# Help with proximity sensor in wwtp



## buddhakii (Jan 13, 2011)

I'm working on a wwtp upgrade and they changed out the grit auger which is in a chamber about 20 feet deep. The vendor of the system supplied their own proximity sensor that looks at the auger as it spins and there is also an existing proximity sensor that looks at the teeth of the sprocket up top. Both are hooked up to the same kind of instrinsically safe relay. When the auger turns the existing one toggles the relay on and off as it should because it only picks something up as a tooth of the sprocket passes it. The sensor that looks at the auger though energizes the relay as a vane passes the sensor but the sensor stays energized even after the vain passes and it's looking at nothing. I can de-energize the relay by disconnecting one of the wires to the sensor and it doesn't re-energize until a vain passes and then it stays energized. Wondering if I need some kind of resistor in parallel with it. Contacted the supplier of the equipment and they didn't even really understand what intrinsically safe is. Talked to the engineer and he really didn't even understand the concept of intrinsically safe. So that brings me here for this question. I'm sure one of you industrial wwtp guys can give me some help on this.


----------



## wildleg (Apr 12, 2009)

sounds like the sensor is "latching". need more info. you sure they didn't give you the wrong sensor.


----------



## nolabama (Oct 3, 2007)

I hate to ask , but why intrinsically safe in wwtp?


----------



## buddhakii (Jan 13, 2011)

They classified the entire headworks as a class 1 div. 2 and anything in the channels is class 1 div 1. Pretty common around here. All our lift stations are class 1 div 1. As for the sensor, it was supplied with the new grit auger. The cable on the sensor is definately designed for intrinsically safe wiring. Tried to get more info on it but I'm not even sure the supplier knows what they gave us. But it's up to us to make it work.


----------



## John (Jan 22, 2007)

nolabama said:


> I hate to ask , but why intrinsically safe in wwtp?

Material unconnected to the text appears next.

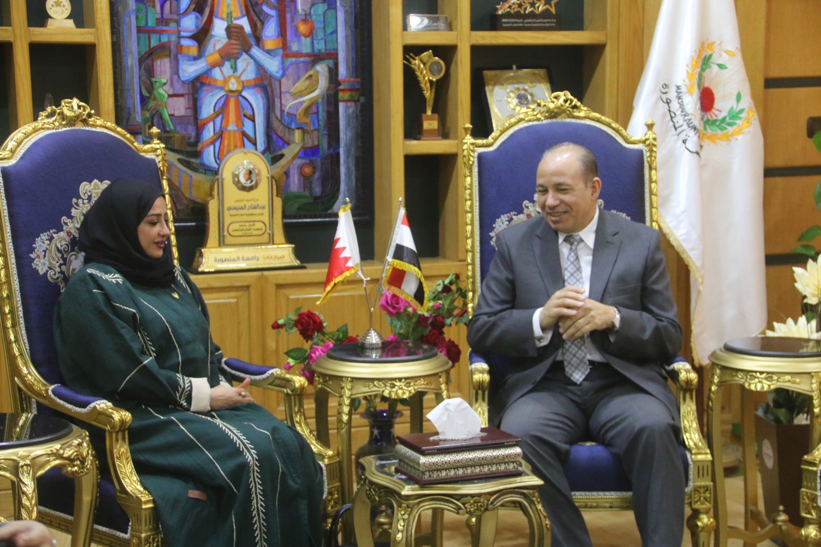 المستشار الثقافى لسفارة البحرين فى زيارة جامعة المنصورة

Same idea as conduit seals except that it's for sensors......So a sensor will not make things go boom.


----------



## nolabama (Oct 3, 2007)

John said:


> Same idea as conduit seals except that it's for sensors......So a sensor will not make things go boom.


I have done an intrinsically safe job at the gasoline plant. I did not know the poo plant used that stuff too.


----------



## wildleg (Apr 12, 2009)

nolabama said:


> I have done an intrinsically safe job at the gasoline plant. I did not know the poo plant used that stuff too.


put a lighter next to your butt next time you been eating too many beans


----------



## Jlarson (Jun 28, 2009)

wildleg said:


> need more info.


Agreed, manufacture and model of the ISR's


----------



## JohnR (Apr 12, 2010)

It certainly sounds as if the sensor is wired with a latching contact or is inherently latching itself. Sounds like the wrong sensor?


----------



## JRaef (Mar 23, 2009)

Is it working differently than it used to? Or are you just trying to figure it out? The intrinsic safety issue is separate and technically unrelated unless there is a problem with the ISR. 

Usually, these sensors are used to make sure the auger is rotating. The one looking at the teeth is counting them into a PLC or something that is timing them to determine speed. The one looking at the vane blade may just be there as a zero speed detector. It could be that the ISR has an off delay timer built in. When the vane passes, the timer is initiated and changes state immediately. If the vane passes again before the timer times out, The timer stays initiated and indicates no problems. If the auger jams or gets overloaded and slows down, the timer times out and causes the starter to drop out.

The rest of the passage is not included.